The tweets came as a surprise to him.
Bennet testified that he never intended the piece to blame Palin for a 2011 mass shooting that was referenced, or her political action committee (SarahPAC), in the editorial.
Bennet received an email from conservative New York Times columnist Ross Douthat at 10:35 that night.
Douthat expressed his concerns with the perception of the piece and included links to two separate tweets that were critical of it. One was from Jonathan Chait, a writer for New York magazine, and the other was from Chris Hayes, a primetime host on MSNBC.
At 11:38 pm, Bennet texted Elizabeth Williamson, the writer of the editorial’s first draft, “Because I was really worried,” he said.
“I was upset and confused, I have to say. I was so blindsided by this.”
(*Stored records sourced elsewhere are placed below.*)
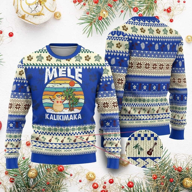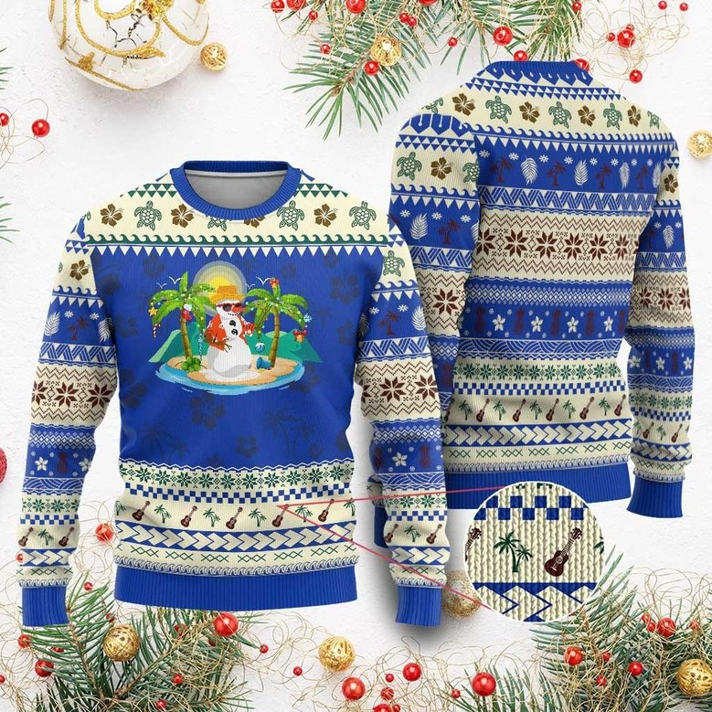 Rushgleam Hawaiian Snowman Mele Kalikimaka Ugly Christmas Sweater Aloha Beach Christmas Gifts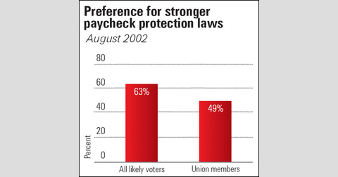 An August 2002 opinion poll commissioned by the Mackinac Center showed 63 percent support amongst likely voters for strengthening Michigan’s paycheck protection law so as to add the provisions that Mr. Hunter suggests. This poll also showed 49 percent support amongst voters who are members of unions.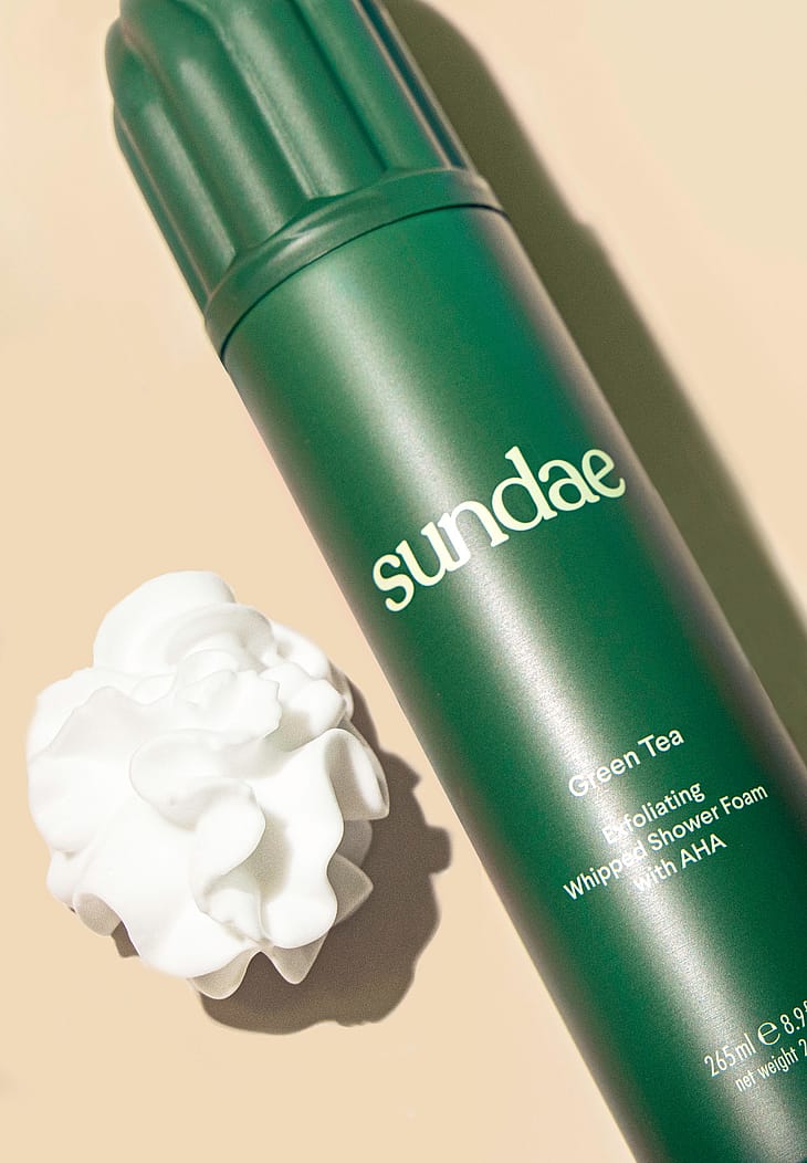 Water, Glycerin, Butane, Sodium Cocoyl Isethionate, Decyl Glucoside, Caprylyl/Capryl Glucoside, Stearic Acid, Propane, Fragrance, Glycolic Acid, Camellia Sinensis (Green Tea) Leaf Extract, Tocopherol, Phenoxyethanol, Caprylyl Glycol, Sodium Benzoate, Citric Acid, Limonene, Linalool, Citronellol.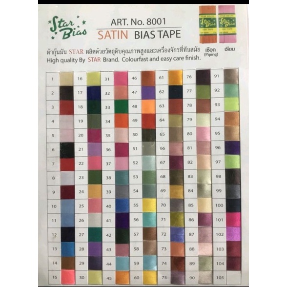 ผ้ากุ้นซาติน star 📌 (กุ๊นแบน.กุ๊นเชือก)3หลา📌แบบมัน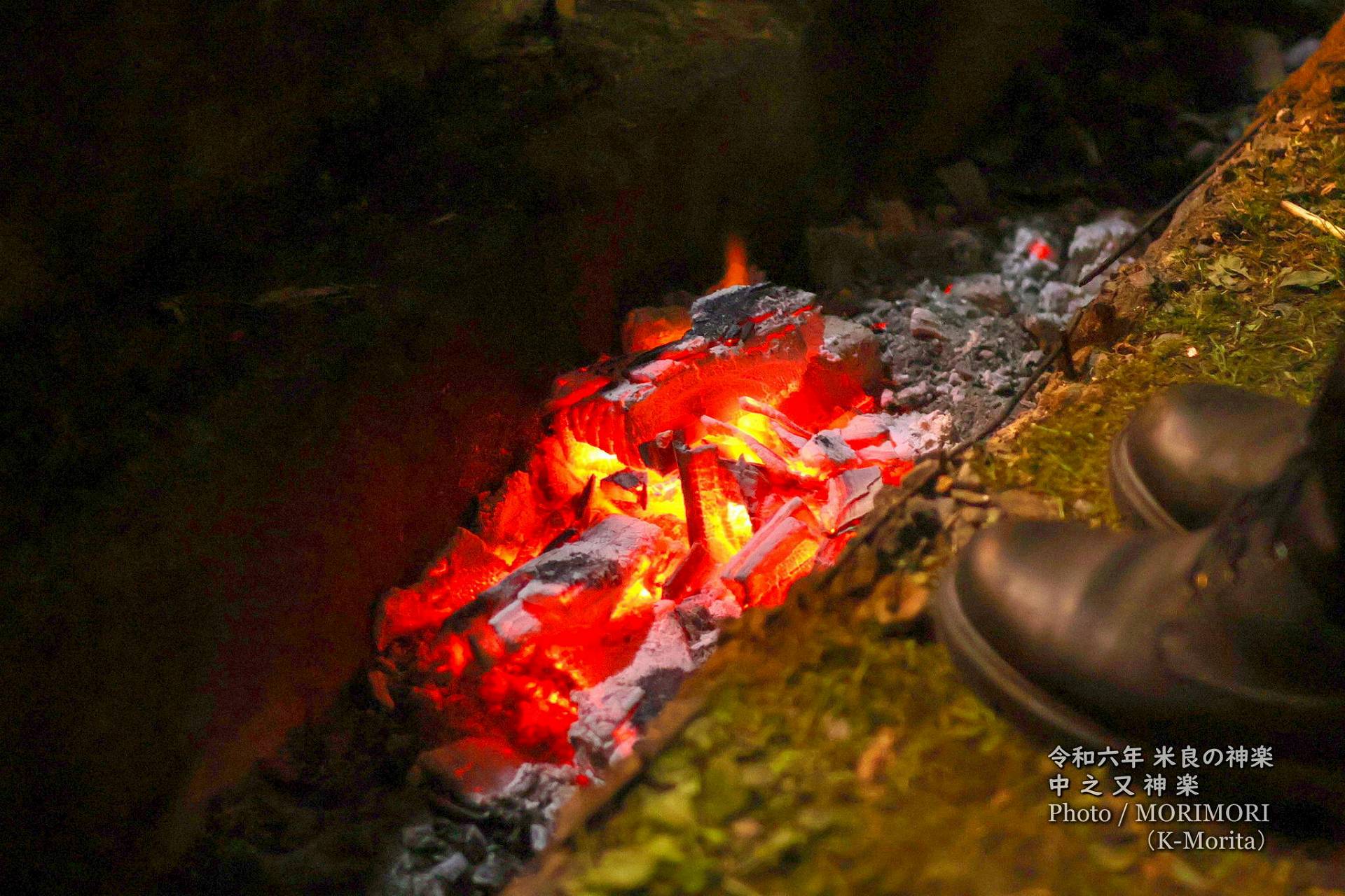 御神屋の縁、二面の地面には「炉」が数カ所掘って作ってあり、ドラム缶で燃やした薪や炭などをボランティアの方が、スコップで適時補充してくれ、ありがたく寒さを凌ぎ、見学出来ました。

The following day the editorial board posted their own tweets on the newspaper’s multiple Twitter accounts, correcting the editorial. They also revised passages in the online version of the editorial.
The court had previously been told the intended purpose of the piece was to connect violent political rhetoric—and the flow of guns—to shootings of politicians.
Bennet said that although he made a mistake connecting SarahPAC to mass shootings, it didn’t invalidate the argument presented in the editorial.
Under recross by defense attorney David Axelrod, Bennet said he never apologized to Palin because once she filed the lawsuit an apology would look like an attempt to get out of it.
Douthat took the stand in the afternoon. He testified that when he saw the Twitter storm it inspired him to read the editorial, which in turn got him to email Bennet.
There were two mass shootings referenced in the editorial–one involving Congresswoman Gabby Giffords (D-Ariz.) in 2011—and one involving GOP members of Congress earlier in the day of June 14.
Douthat felt the gunman in the GOP shooting had a political motivation (he was an admitted supporter of Bernie Sanders, a Democrat) and the gunman in the Giffords shooting did not, but the editorial suggested the opposite.
Palin took the stand for the last few minutes of the day and briefly testified about her family and her foray into politics until Judge Jed Rakoff called it a day.